Ecosystem	Package info	Correct registry? Right install commands? Version accuracy?

Step 4: Generate Report

Output to planning/CONTENT_AUDIT_<skill>.md:

# Content Audit: <skill-name>
**Date**: YYYY-MM-DD
**Accuracy Score**: 85-92%

## Summary
- [x] API coverage current
- [ ] 2 deprecated patterns found
- [x] Error documentation accurate
- [ ] Install command uses wrong package manager

## Findings

### Critical
- Pattern `oldMethod()` deprecated in v2.0, skill still recommends

### Warnings
- New feature `newFeature()` not documented in skill
- Changelog shows breaking change not mentioned

### OK
- Core concepts accurate
- Error handling patterns correct

Cost Estimates

Scope	Firecrawl Cost	Tokens
Single skill	~$0.003	~35k
Pattern (10 skills)	~$0.03	~350k
Tier 1 (10 skills)	~$0.03	~350k
All skills (68)	~$0.20	~2.4M

Optimization:

Cache lasts 7 days
Use --diff flag to only audit if docs changed
Prioritize Tier 1/2 skills

Integration with Existing Tools

Tool	What It Checks	Relationship
`/audit`	Structure (YAML, files)	Run first for quick checks
`review-skill.sh`	Links, versions, TODOs	Complements deep-audit
`check-all-versions.sh`	Package version numbers	Deep-audit validates content
`/deep-audit`	Content accuracy	Catches semantic errors

Recommended Workflow

# 1. Quick structural audit
/audit <skill-name>

# 2. If passes, deep content audit
/deep-audit <skill-name>

# 3. Review findings
cat planning/CONTENT_AUDIT_<skill>.md

# 4. Fix issues and commit
git add skills/<skill-name>/
git commit -m "audit(<skill>): Fix content accuracy issues"

Cache Management

# View cached audits
ls archive/audit-cache/

# Clear cache for skill (force re-scrape)
rm -rf archive/audit-cache/<skill-name>/

# Clear all cache
rm -rf archive/audit-cache/*/

Adding doc_sources to Skills

For skills without doc_sources, add to YAML frontmatter:

---
name: my-skill
description: |
  [description]
metadata:
  doc_sources:
    primary: "https://official-docs.com/getting-started"
    api: "https://official-docs.com/api"
    changelog: "https://github.com/org/repo/releases"
  ecosystem: npm  # or pypi, github
  package_name: package-name
---

Example: fastmcp Audit

/deep-audit fastmcp

Found Issue (actual example that motivated this tool):

Skill referenced fastmcp>=3.26.8 (npm package)
PyPI shows fastmcp>=2.14.2 (Python package)
Completely different ecosystems!

This error passed all version checks because the npm version exists - but the skill is for Python!

Execution Instructions

When /deep-audit <skill-name> is invoked, execute the following steps:

Step 0: Check for --diff Flag (Incremental Audit)

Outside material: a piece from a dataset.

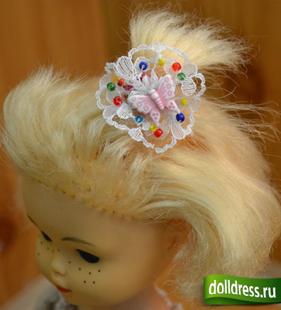 Взяв кружево пошире, можно сделать такую заколочку для себя

If --diff flag is present, first check if documentation has changed:

# Check if docs changed since last audit
/home/jez/Documents/claude-skills/.venv/bin/python \
  scripts/deep-audit-diff.py <skill-name>

If exit code is 0 (docs unchanged): Report "Documentation unchanged since last audit" and skip full audit.

If exit code is 1 (needs re-audit): Continue with full audit below.

Output interpretation:

STATUS: UP TO DATE → Skip audit, inform user
STATUS: NEEDS RE-AUDIT → Continue with full audit
Reason: Last audit is X days old → Cache expired, re-audit needed

Step 1: Validate and Scrape

# Check skill exists
ls skills/<skill-name>/SKILL.md

# Run scraper (uses cached content if fresh)
FIRECRAWL_API_KEY=fc-xxxxxxxxxxxxxxxxxxxxxxxxxxxxxxxx \
  python scripts/deep-audit-scrape.py <skill-name>

If scrape fails due to missing doc_sources, inform user they need to add metadata.

Step 2: Read Content

Read these files into context:

skills/<skill-name>/SKILL.md - The skill being audited
archive/audit-cache/<skill-name>/*.md - All scraped doc files

Step 3: Launch 4 Parallel Comparison Agents

Use the Task tool to launch 4 agents in parallel (single message, multiple Task calls):

Reference: See planning/deep-audit-agent-prompts.md for full prompt templates.

Agent 1: API Coverage
- Compare documented APIs in scraped docs vs skill coverage
- Find missing features, deprecated methods

Agent 2: Pattern Validation
- Check code examples for outdated syntax
- Find import changes, config changes

Agent 3: Error/Issues
- Verify error documentation is current
- Check if fixed issues are still documented

Agent 4: Ecosystem Validation
- Verify correct package registry (npm/pypi/github)
- Check install commands, version references

Each agent receives:

Scraped documentation content
Skill SKILL.md content
Skill metadata (ecosystem, package_name)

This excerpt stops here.